Depois de quatro dias nas rodovias, os comboios que transportam equipamentos destinados à megafábrica de celulose da Arauco devem alcançar Campo Grande nesta sexta-feira. As carretas saíram de Assaí, no interior do Paraná, e estão em deslocamento por Mato Grosso do Sul desde a última terça-feira, dia 13.
Neste primeiro momento, o transporte utiliza uma das rotas previstas, com passagem pela Capital. A entrada ocorre pelo Anel Viário, seguindo pelo trecho de ligação até a BR-262. As cargas transportadas pesam cerca de 62 toneladas cada, o que limita a velocidade média do comboio a algo entre 30 e 60 quilômetros por hora.
Devido ao deslocamento lento, o tráfego nas rodovias tem apresentado retenções pontuais. Para minimizar os impactos, as carretas realizam paradas estratégicas nos acostamentos, permitindo a liberação parcial do fluxo de veículos que seguem atrás, especialmente em trechos onde não há possibilidade de ultrapassagem.

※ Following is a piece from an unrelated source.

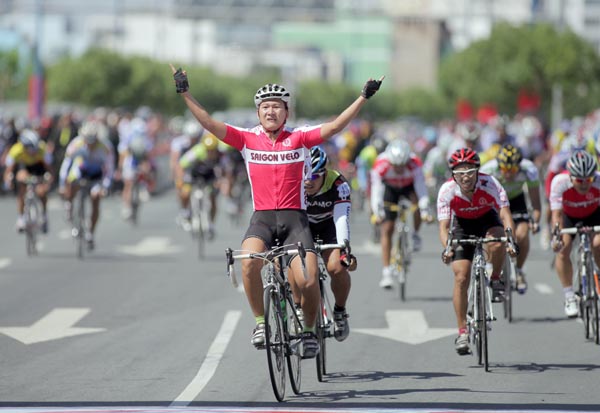 Vận động viên Lê Văn Quỳnh của đội Sài Gòn Velo là người về đích đầu tiên./.
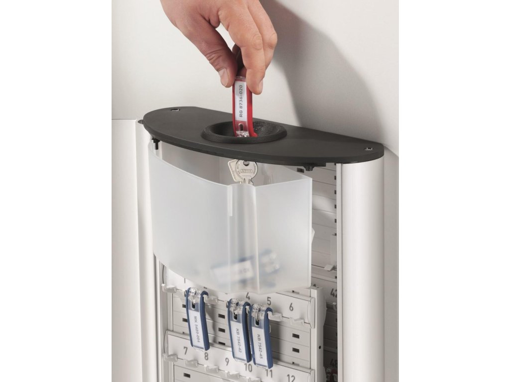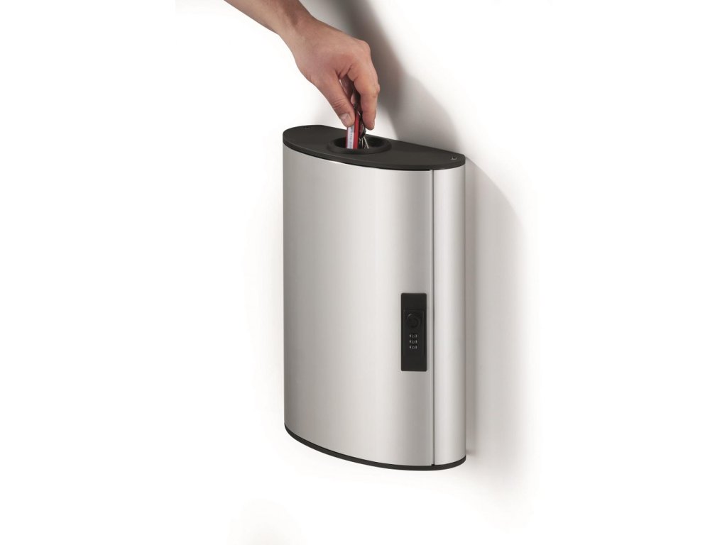Skrinka na kľúče so zámkom na číselný kód, s dvierkami, otvárajúcimi sa z dôvodu lepšej obsluhy v 180° uhle a vrchným otvorom na odovzdanie kľúča bez nutnosti otvorenia skrinky. Kapacita 54 kľúčov. Jednoduchá montáž na stenu. Súčasťou balenia je montážna sada a 6 menoviek na kľúče v rôznych farbách. Farba strieborná.Výška: 40 cm

A expectativa é que, ainda durante a tarde, o comboio atravesse Campo Grande e, até o fim do dia, alcance a BR-262 nas proximidades do Parque Residencial Maria Aparecida Pedrossian. A programação indica que o transporte permaneça parado durante o fim de semana, com retomada da viagem prevista para a próxima segunda-feira, dia 19.
As peças seguem para o município de Inocência, onde está em construção a megafábrica de celulose da Arauco, batizada de Projeto Sucuriú. O empreendimento será a quinta unidade do setor em Mato Grosso do Sul e a primeira da empresa no Estado, sendo considerado um dos maiores projetos de celulose do mundo.
Ao longo de 2026, está previsto o transporte de cerca de 200 supercargas semelhantes, além da circulação de aproximadamente 60 mil caminhões pelas rodovias estaduais e federais que dão acesso a Inocência. Os equipamentos são fornecidos pela empresa finlandesa Valmet e fabricados no Brasil pela JBO Indústria Mecânica.
O investimento total estimado é de R$ 25 bilhões. Inicialmente prevista para 2028, a entrega da fábrica foi antecipada para o final de 2026. Após o início das operações, a expectativa é de geração de cerca de 6 mil empregos diretos e indiretos, envolvendo a indústria, a logística e a produção de eucalipto.
Para o transporte das cargas, quatro rotas alternativas foram definidas, todas com escolta da Polícia Rodoviária Federal ou da Polícia Rodoviária Estadual, conforme o trecho. Entre as rodovias utilizadas estão as estaduais MS-134, MS-377, MS-240 e MS-112, além das federais BR-163, BR-262, BR-267 e BR-158.